About this exercise: For each record below, retype the text exactly and omit any image.

Data:
⟨
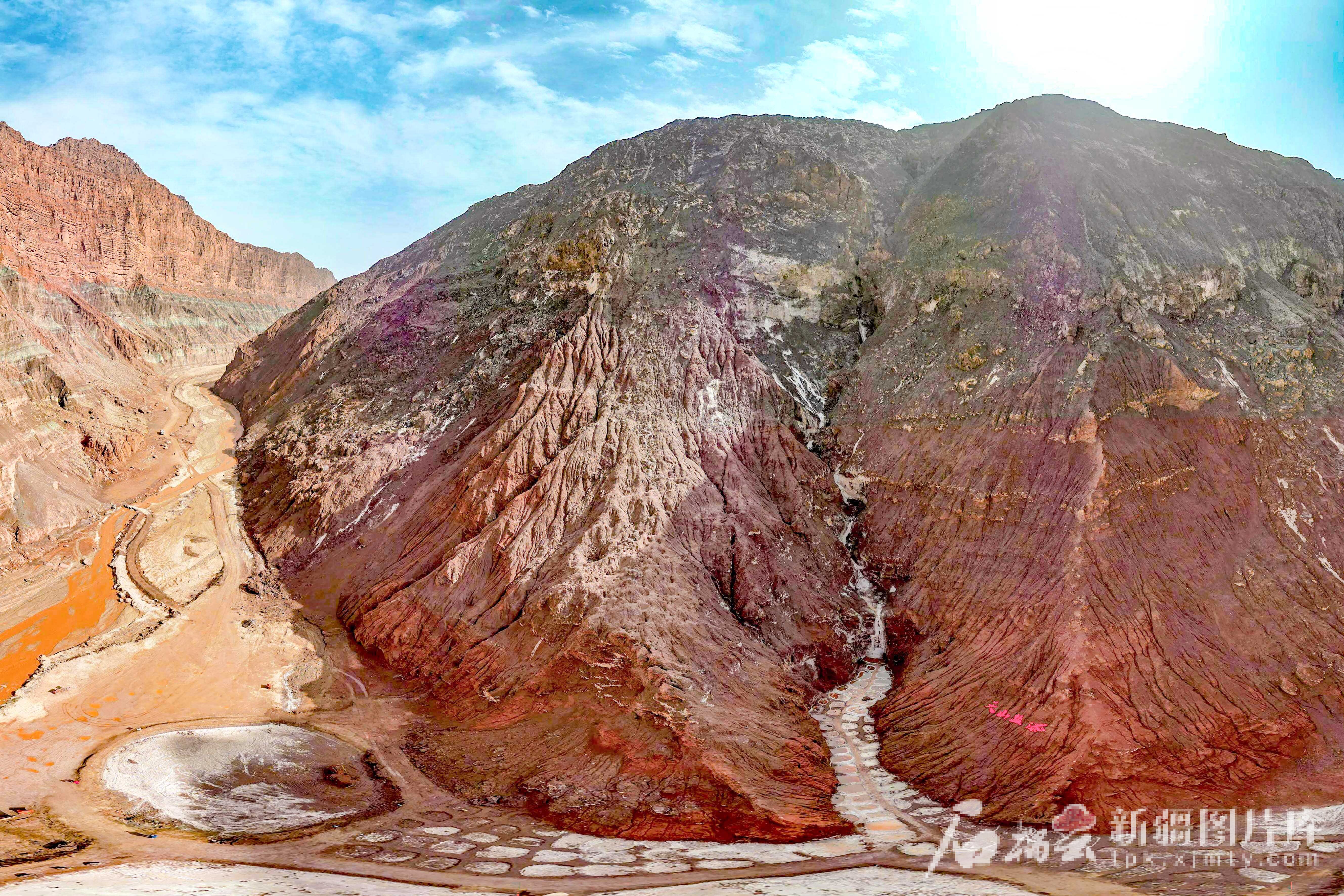 天山网-新疆日报讯(记者蔡增乐摄影报道)夏日的天山托木尔峰洁白如玉,盐溪如冰河般蜿蜒流淌,阳光折射出冰川般的耀眼光芒。5月28日,“新疆农信·农商银行”航拍新疆大型全媒体采风小分队走进这片“地质奇观”,用镜头呈现天山盐瀑的独特地貌,为公众揭开“世界盐谷”的神秘面纱。
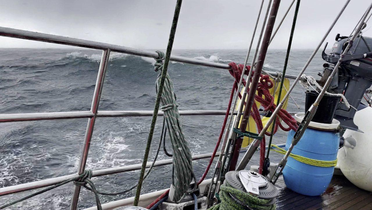 Dann haben wir den letzten Schutz durch Land hinter uns gelassen. Steile Graubärte rollen auf uns zu, glänzen metallisch unter kaltem, grauen Himmel. Drei Schwestern werfen die große Yacht wie Spielzeug umher. Der Wind ist schneidend kalt, immer wieder ziehen Schneeschauer durch. Kappsturmvögel spielen über der Gischt.
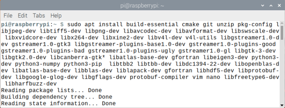 $ sudo apt install build-essential cmake git unzip pkg-config libjpeg-dev libtiff5-dev libpng-dev libavcodec-dev libavformat-dev libswscale-dev libxvidcore-dev libx264-dev libxine2-dev libv4l-dev v4l-utils libgstreamer1.0-dev gstreamer1.0-gtk3 libgstreamer-plugins-base1.0-dev gstreamer1.0-plugins-good gstreamer1.0-plugins-bad gstreamer1.0-plugins-ugly gstreamer1.0-gl libgtk-3-dev libgtk2.0-dev libcanberra-gtk* libatlas-base-dev gfortran libeigen3-dev python3-dev python3-numpy python3-pip libtbb2 libtbb-dev libdc1394-22-dev libopenblas-dev libatlas-base-dev libblas-dev liblapack-dev gfortran libhdf5-dev libprotobuf-dev libgoogle-glog-dev libgflags-dev protobuf-compiler vim nano libfreetype6-dev libharfbuzz-dev
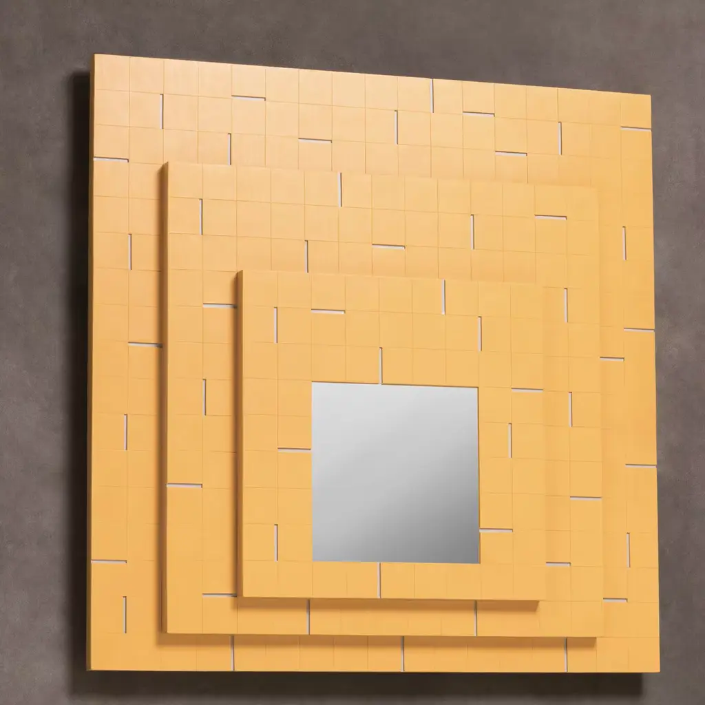 Inspired by Josef Albers' series of paintings "Homage to the Square" that explore the chromatic interactions with nested squares, this stunning saddle leather mirror has a frame consisting of three squares in a solid yellow color nested within one another with the mirror sitting at the lower center. The multidimensional effect, enhanced by black grooves on the geometric pattern of the tiles, will bring movement, form, and light to any room. A stunning mirror that can be hung or leaned against a wall, in a bedroom over a dresser, in an entryway on a console, solo or in multiples for an eye-catching effect.
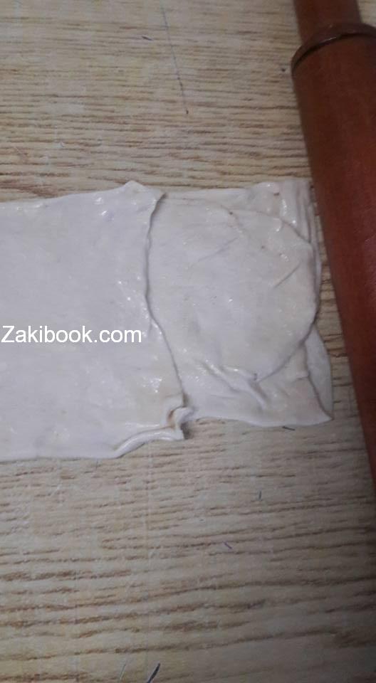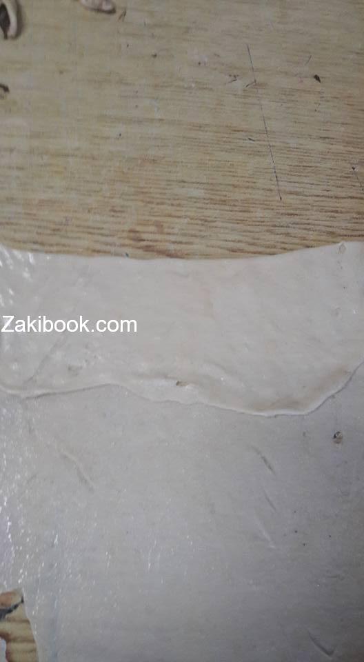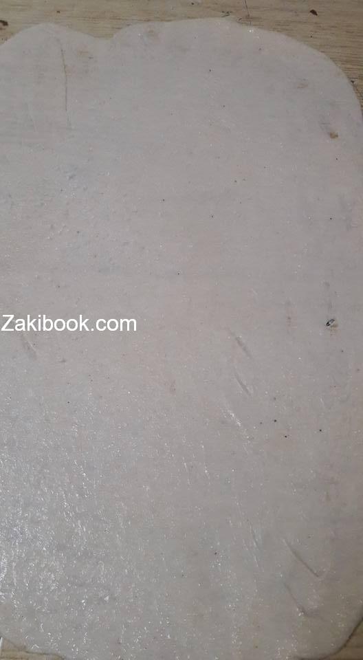 نضع باطراف الاصابع زيت نباتي ونرققها جيدا ثم ندهنها سمنة ونرش السكر عليها ونطبقها كما موضح بالصور عند اثناء تطبيقها نضع الزبدة في كل طبقة
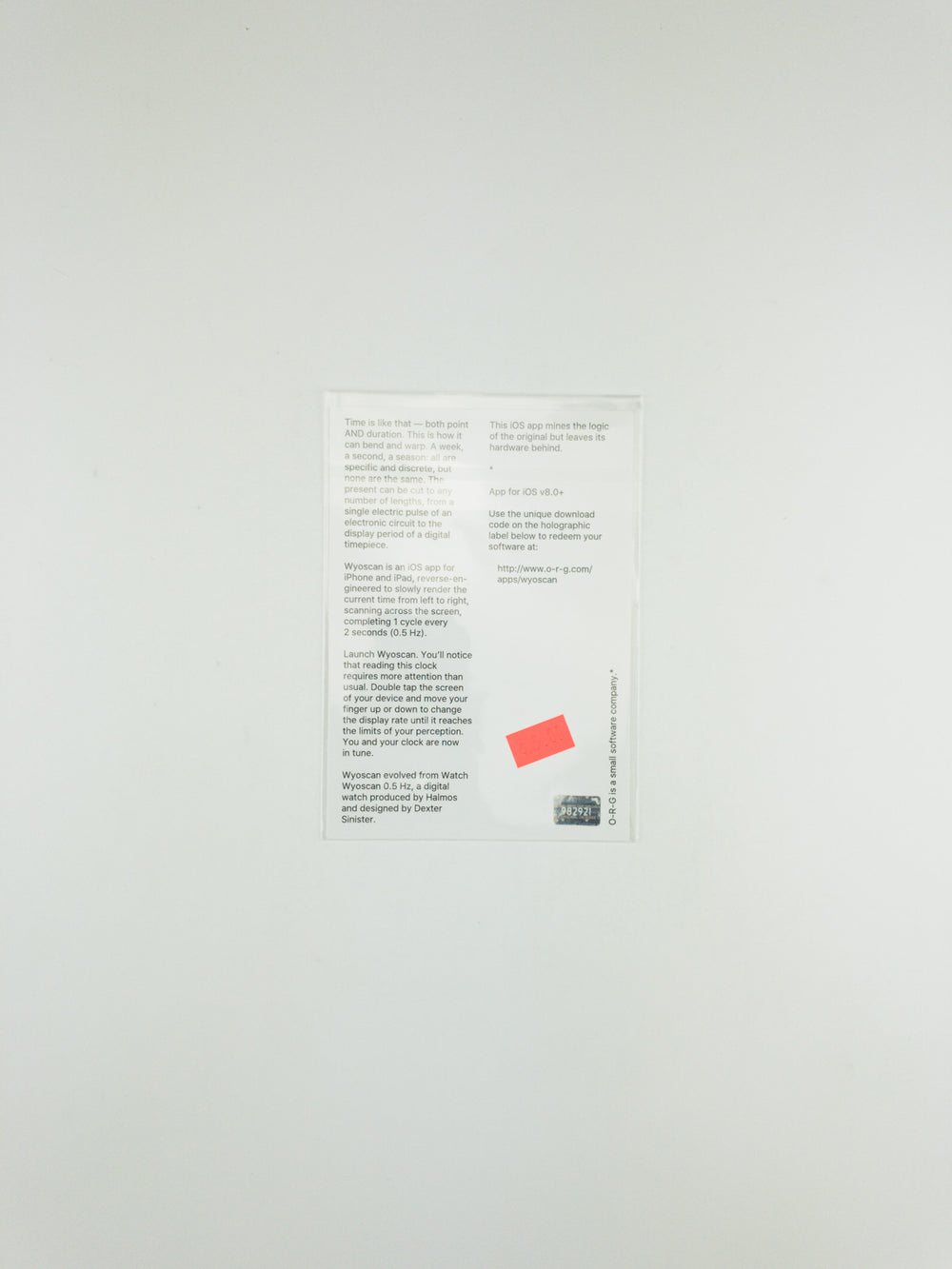 Wyoscan evolved from Watch Wyoscan 0.5 hz, a digital watch produced by Halmos and designed by Dexter Sinister. This new iOS app mines the logic of the original but leaves its hardware behind.
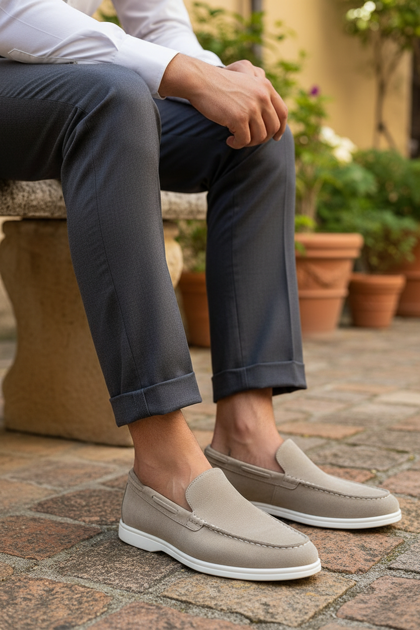 Stijlvol en neutraal: deze beige loafers hebben een buitenkant van hoogwaardig suède, een leren binnenkant en een stevige witte rubberen zool. Makkelijk te combineren met lichte én donkere tinten.
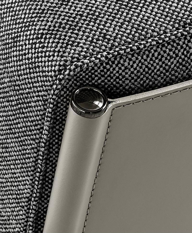 Its characteristic alluring saddle hide volume hosts cushions covered in fabric and opens at the front on the sides to reveal the inviting seat, while the rear part accommodates the body in a soft embrace. The saddle hide also serves to bind the legs together, wrapping itself round them and allowing the top part to emerge, ending in a fine decorative detail with Black Nickel finish.
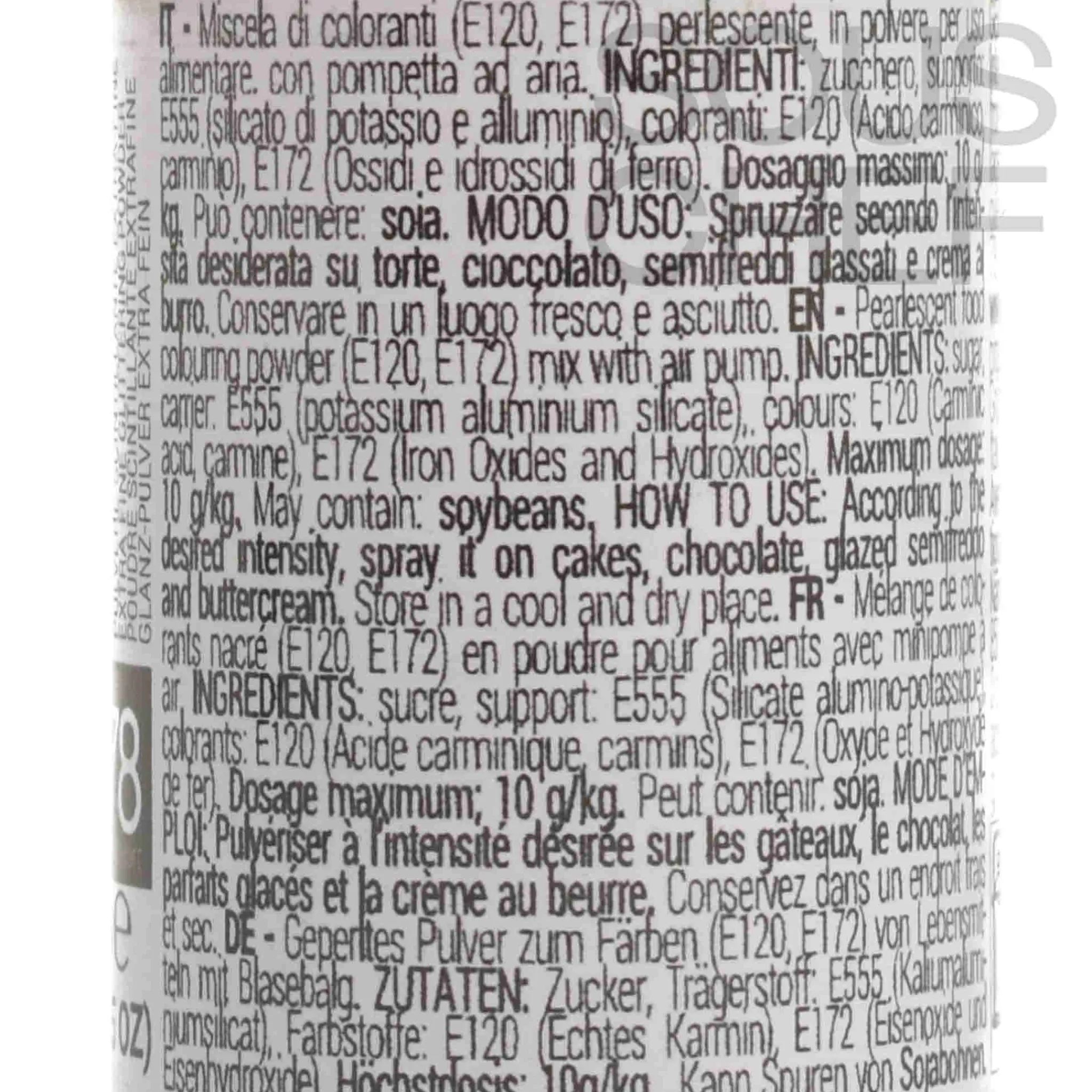 This glitter spray is suitable for domestic and professional kitchens. Use it to add a pearlescent effect to cupcakes, semifreddo and royal icing.
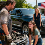 Mocked Single Dad Mechanic Helps Crying Girl — Next Day Billionaire Mom Calls Him ! The sound of laughter cut…
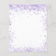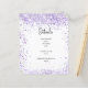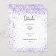 A white background decorated with violet, lavender coloured faux glitter dust. Personalise and add your wedding details. Black coloured letters.
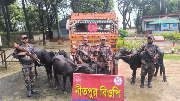 পোরশা সীমান্তে মালিক বিহীন ভারতীয় মহিষ আটক
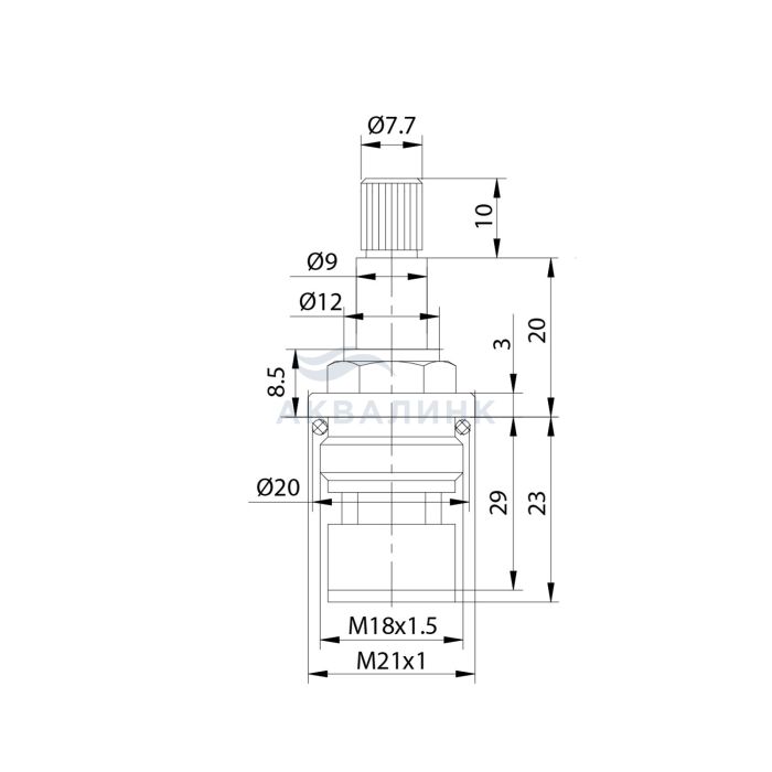 Кран-букса керамическая, 90°, 20 зубцов, M18x1,5, M21, h=53 мм, IDDIS, 998CR532SM
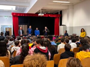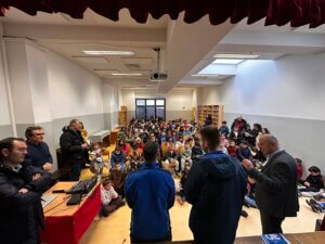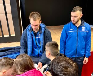 Το 2ο ελληνικό γυμνάσιο και το 5ο ελληνικό Δημοτικό σχολείο «Σωκράτης) του Μονάχου επισκέφτηκε σήμερα (15/1) το πρωί αντιπροσωπεία της Εθνικής Ανδρών με επικεφαλής τον Πρόεδρο της ΟΧΕ Κώστα Γκαντή και τους διεθνείς αθλητές Γιώργο Παπαβασίλη και Παναγιώτη Παπαντωνόπουλο, οι οποίοι έτυχαν θερμότατης υποδοχής από 260 και πλέον μαθητές που φώναζαν «Ελλάς- Ελλάς»
⟩
Result below:
 天山网-新疆日报讯(记者蔡增乐摄影报道)夏日的天山托木尔峰洁白如玉,盐溪如冰河般蜿蜒流淌,阳光折射出冰川般的耀眼光芒。5月28日,“新疆农信·农商银行”航拍新疆大型全媒体采风小分队走进这片“地质奇观”,用镜头呈现天山盐瀑的独特地貌,为公众揭开“世界盐谷”的神秘面纱。
 Dann haben wir den letzten Schutz durch Land hinter uns gelassen. Steile Graubärte rollen auf uns zu, glänzen metallisch unter kaltem, grauen Himmel. Drei Schwestern werfen die große Yacht wie Spielzeug umher. Der Wind ist schneidend kalt, immer wieder ziehen Schneeschauer durch. Kappsturmvögel spielen über der Gischt.
 $ sudo apt install build-essential cmake git unzip pkg-config libjpeg-dev libtiff5-dev libpng-dev libavcodec-dev libavformat-dev libswscale-dev libxvidcore-dev libx264-dev libxine2-dev libv4l-dev v4l-utils libgstreamer1.0-dev gstreamer1.0-gtk3 libgstreamer-plugins-base1.0-dev gstreamer1.0-plugins-good gstreamer1.0-plugins-bad gstreamer1.0-plugins-ugly gstreamer1.0-gl libgtk-3-dev libgtk2.0-dev libcanberra-gtk* libatlas-base-dev gfortran libeigen3-dev python3-dev python3-numpy python3-pip libtbb2 libtbb-dev libdc1394-22-dev libopenblas-dev libatlas-base-dev libblas-dev liblapack-dev gfortran libhdf5-dev libprotobuf-dev libgoogle-glog-dev libgflags-dev protobuf-compiler vim nano libfreetype6-dev libharfbuzz-dev
 Inspired by Josef Albers' series of paintings "Homage to the Square" that explore the chromatic interactions with nested squares, this stunning saddle leather mirror has a frame consisting of three squares in a solid yellow color nested within one another with the mirror sitting at the lower center. The multidimensional effect, enhanced by black grooves on the geometric pattern of the tiles, will bring movement, form, and light to any room. A stunning mirror that can be hung or leaned against a wall, in a bedroom over a dresser, in an entryway on a console, solo or in multiples for an eye-catching effect.
 نضع باطراف الاصابع زيت نباتي ونرققها جيدا ثم ندهنها سمنة ونرش السكر عليها ونطبقها كما موضح بالصور عند اثناء تطبيقها نضع الزبدة في كل طبقة
 Wyoscan evolved from Watch Wyoscan 0.5 hz, a digital watch produced by Halmos and designed by Dexter Sinister. This new iOS app mines the logic of the original but leaves its hardware behind.
 Stijlvol en neutraal: deze beige loafers hebben een buitenkant van hoogwaardig suède, een leren binnenkant en een stevige witte rubberen zool. Makkelijk te combineren met lichte én donkere tinten.
 Its characteristic alluring saddle hide volume hosts cushions covered in fabric and opens at the front on the sides to reveal the inviting seat, while the rear part accommodates the body in a soft embrace. The saddle hide also serves to bind the legs together, wrapping itself round them and allowing the top part to emerge, ending in a fine decorative detail with Black Nickel finish.
 This glitter spray is suitable for domestic and professional kitchens. Use it to add a pearlescent effect to cupcakes, semifreddo and royal icing.
 Mocked Single Dad Mechanic Helps Crying Girl — Next Day Billionaire Mom Calls Him ! The sound of laughter cut…
 A white background decorated with violet, lavender coloured faux glitter dust. Personalise and add your wedding details. Black coloured letters.
 পোরশা সীমান্তে মালিক বিহীন ভারতীয় মহিষ আটক
 Кран-букса керамическая, 90°, 20 зубцов, M18x1,5, M21, h=53 мм, IDDIS, 998CR532SM
 Το 2ο ελληνικό γυμνάσιο και το 5ο ελληνικό Δημοτικό σχολείο «Σωκράτης) του Μονάχου επισκέφτηκε σήμερα (15/1) το πρωί αντιπροσωπεία της Εθνικής Ανδρών με επικεφαλής τον Πρόεδρο της ΟΧΕ Κώστα Γκαντή και τους διεθνείς αθλητές Γιώργο Παπαβασίλη και Παναγιώτη Παπαντωνόπουλο, οι οποίοι έτυχαν θερμότατης υποδοχής από 260 και πλέον μαθητές που φώναζαν «Ελλάς- Ελλάς»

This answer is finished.